Why CPIC Life is taking its time investing overseas

It has yet to pick its external managers, let alone fulfil its QDII quota, AsianInvestor’s Institutional Investment Forum China heard. 'Why?' is a question with broader ramifications.
Why CPIC Life is taking its time investing overseas

China Pacific Insurance Company’s (CPIC) life insurance unit is looking at multi-asset strategies for its overseas investments but it's been slow-going so far trying to use up its outbound investment quota due to foreign currency risk concerns.

Its experience reflects broader challenges that could yet hold the key to unlocking the global investment potential of Chinese asset owners. 

Having been granted an additional qualified domestic institutional investors (QDII) quota of Rmb1.33 billion ($186 million) in April 2018, increasing its accumulated quota to Rmb1.68 billion as Beijing moved to relax capital controls after a long hiatus, CPIC Life is still working on the execution.

Benjamin Deng

“The main challenge and demand is finding good investment managers,” Benjamin Deng, group chief investment officer of CPIC, told the audience at AsianInvestor’s sixth Institutional Investment Forum China held in Beijing on September 18.

Domestic institutional investors have limited experience in overseas investment and have to rely on third-party managers, so finding the best ones are crucial, he said.

Deng did not disclose how much of CPIC Life’s foreign currency quota has been used up to yet but indicated that the company is still some way short of its new limits. 

The lifer is in the process of finding external investment managers – mainly multi-asset managers. Two selection rounds have so far been completed, he said.

Deng said he paused the selection process a year ago when taking the helm as group CIO because he wanted to see how the currency risks associated with its beefed up overseas investments were going to be hedged.

“Then it turned out that many external managers we were about to entrust our assets were not very clear about methods to hedge the currency risks,” he said.

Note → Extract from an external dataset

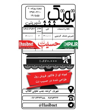 در نرم افزار حسابداری قنادی حسیب نت با وجود کلیدهای لمسی که قابلیت استفاده برای کاربران راست دست و چپ دست برای آن پیشبینی شده است، و با ارتباط باسیم و بیسیم با ترازوهای دیجیتال رادین، دیبال، صبا و صدر، و بهرهمندی از خواندن بارکد تفکیکی و تجمیعی از این ترازوها ، و با ثبت برگشت بیعانه با بارکد، و با ثبت فاکتور با بارکد خوان ، و با ارسال مبلغ به دستگاههای پوز بانکی و با نمایش الباقی وجه قابل پرداخت به مشتری؛ و با ثبت کالای مرجوعی در فاکتور فروش ، و با اعمال تخفیف اتومات با تنظیم مدیر ، و با امکان ثبت همزمان چندین فاکتور ، و با چاپ برچسب قیمت ، و چاپ بارکد برای کالاهای بدون بارکد یا بارکد ضعیف ، و با منوی فروش مصور ، میتوانید با سرعت و دقت بالا فاکتور فروش را ثبت و چاپ نمایید.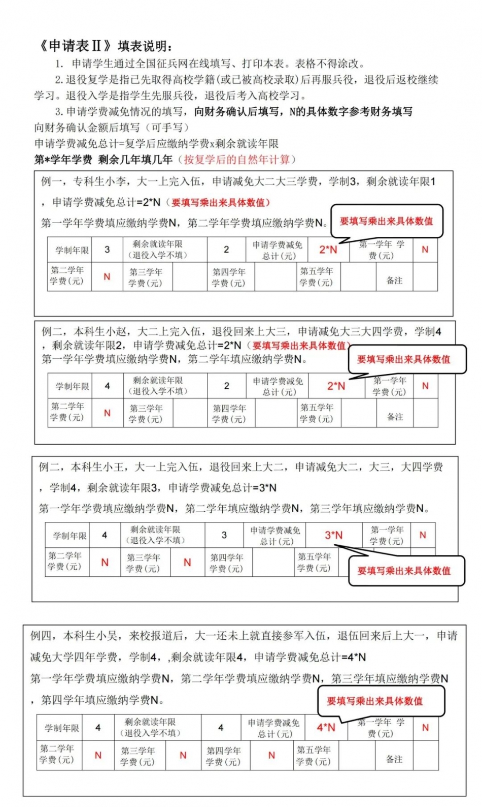 举例四:小吴在高中应征入伍,退役后参加高考或其它统招考试考入大学,到校注册报到后可申请学费减免。本科生、专科生均可申请学费减免,此时需填写《申请表Ⅱ》。(表中“申请类型”选择“退役入学”)

“From an investor point of view, we can take interest rate risk, credit spread risk, equity risk and liquidity risk, but forex risk is something that I am not willing to bear,” Deng said. “This is mainly because all of the risks in the market, even geopolitical risks, manifest themselves in forex risk, making it particularly hard to track, model and predict.”


The challenge is particularly acute for companies such as CPIC Life because they have huge liabilities principally denominated in renminbi.

The Chinese currency has been depreciating in value against the US dollar since May last year, breaching Rmb7 to the US dollar in August, which would have boosted the renminbi-value of any foreign investment returns earned in that period.

But it can work the other way too, potentially leading to major losses, which is why it's so important to neutralise the forex risk with hedging in order to isolate the underlying investment risks and why CPIC Life is taking its time on the issue.

There will be at least three rounds of selection. Basically, the managers that have been selected are big names in the industry, Deng said, without disclosing any names.

All, presumably, are now working hard on the forex-hedging element of their pitches, enabled by the growth of offshore renminbi trading, not least in the dominant global forex hub of London, where renminbi-dollar trading now accounts for a larger market share than even euro-sterling trading. 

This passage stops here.